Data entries
++++++++

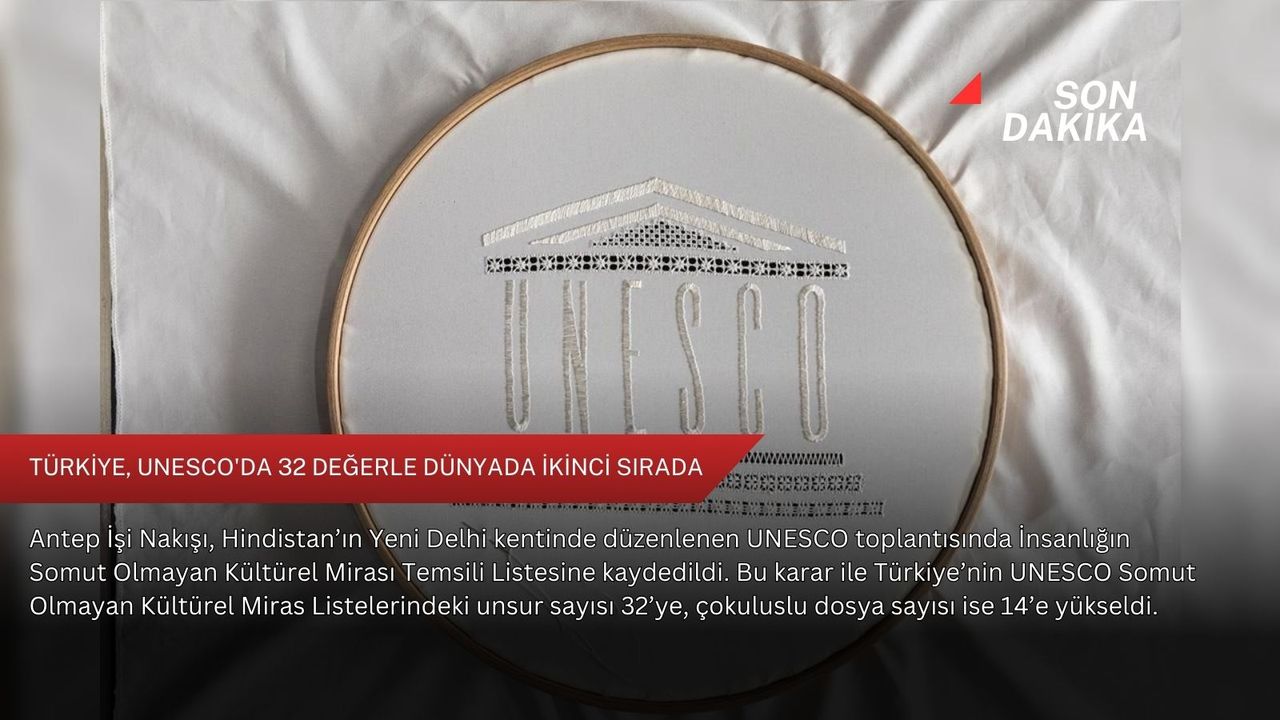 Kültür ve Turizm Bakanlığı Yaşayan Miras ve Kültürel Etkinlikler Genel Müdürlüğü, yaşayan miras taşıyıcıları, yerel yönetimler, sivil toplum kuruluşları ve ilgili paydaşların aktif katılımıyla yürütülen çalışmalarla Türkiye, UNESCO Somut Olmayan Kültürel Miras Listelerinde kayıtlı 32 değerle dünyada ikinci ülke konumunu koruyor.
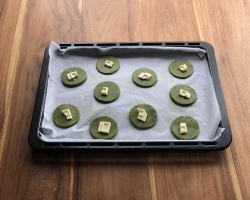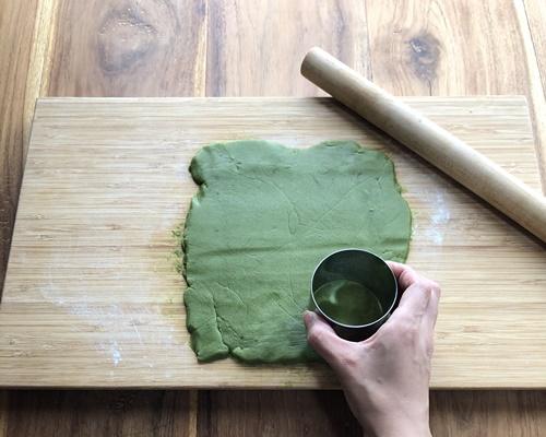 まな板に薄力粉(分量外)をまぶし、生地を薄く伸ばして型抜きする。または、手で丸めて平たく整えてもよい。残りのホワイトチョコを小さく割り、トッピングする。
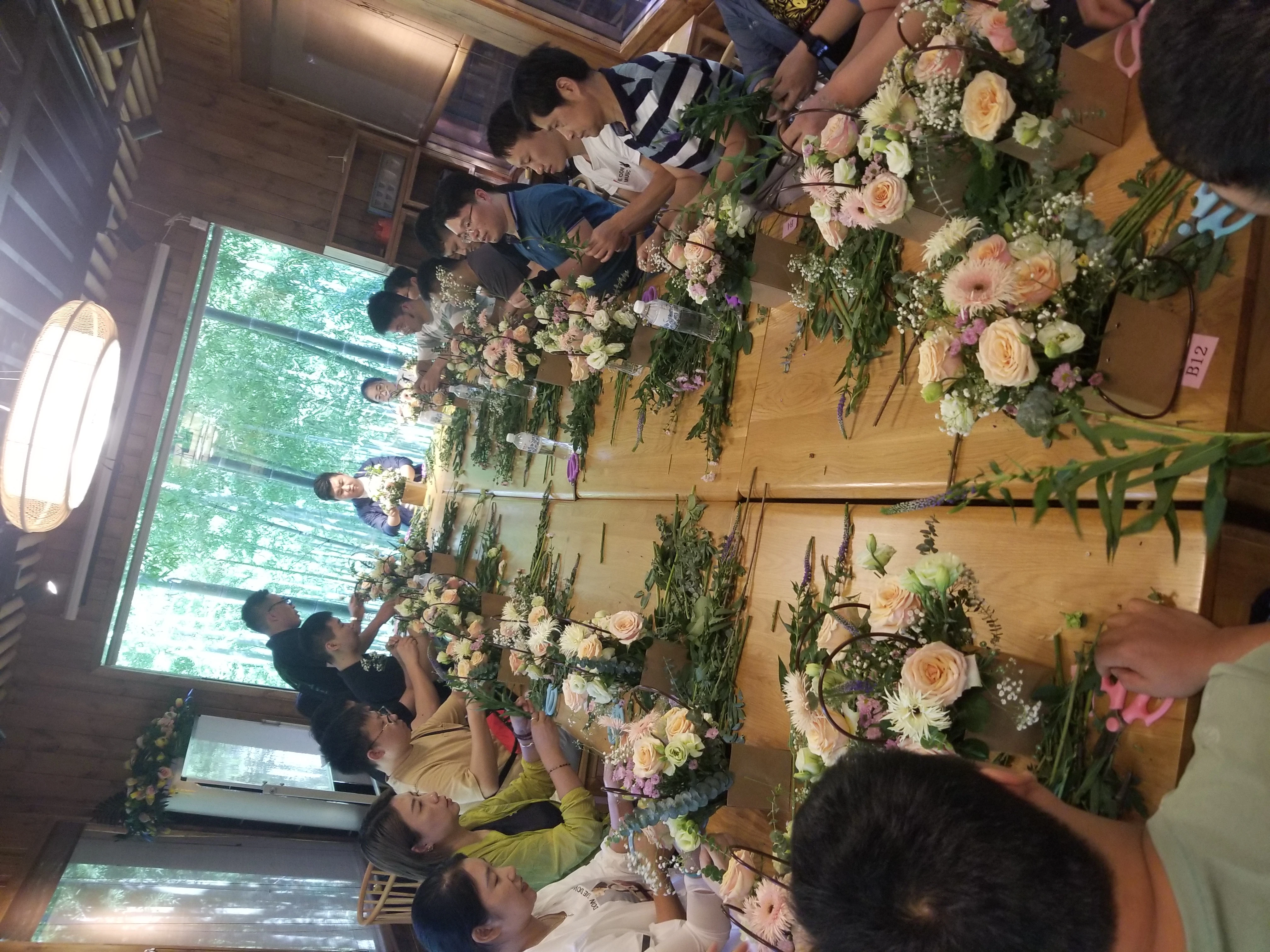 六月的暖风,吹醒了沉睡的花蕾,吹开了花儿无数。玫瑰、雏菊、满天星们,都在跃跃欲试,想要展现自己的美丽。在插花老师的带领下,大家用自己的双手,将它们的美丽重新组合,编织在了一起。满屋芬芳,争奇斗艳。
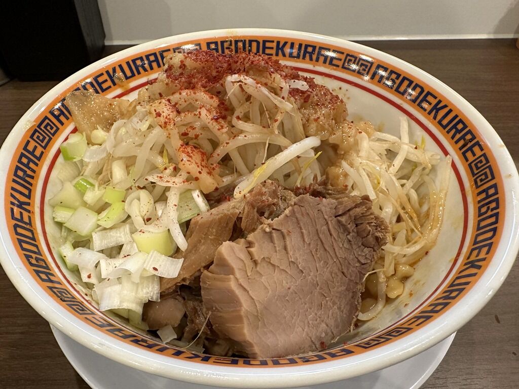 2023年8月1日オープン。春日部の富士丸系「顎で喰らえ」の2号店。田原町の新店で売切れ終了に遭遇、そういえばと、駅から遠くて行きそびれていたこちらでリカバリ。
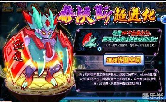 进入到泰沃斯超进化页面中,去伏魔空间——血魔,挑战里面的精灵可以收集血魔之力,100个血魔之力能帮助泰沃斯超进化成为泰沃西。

++++++++

# Task statement
Please transcribe word for word the lines from the one bearing "六月的暖风,吹醒了沉睡的花蕾" through the last line of the records above, omitting the pictures.

# Response to this task
 六月的暖风,吹醒了沉睡的花蕾,吹开了花儿无数。玫瑰、雏菊、满天星们,都在跃跃欲试,想要展现自己的美丽。在插花老师的带领下,大家用自己的双手,将它们的美丽重新组合,编织在了一起。满屋芬芳,争奇斗艳。
 2023年8月1日オープン。春日部の富士丸系「顎で喰らえ」の2号店。田原町の新店で売切れ終了に遭遇、そういえばと、駅から遠くて行きそびれていたこちらでリカバリ。
 进入到泰沃斯超进化页面中,去伏魔空间——血魔,挑战里面的精灵可以收集血魔之力,100个血魔之力能帮助泰沃斯超进化成为泰沃西。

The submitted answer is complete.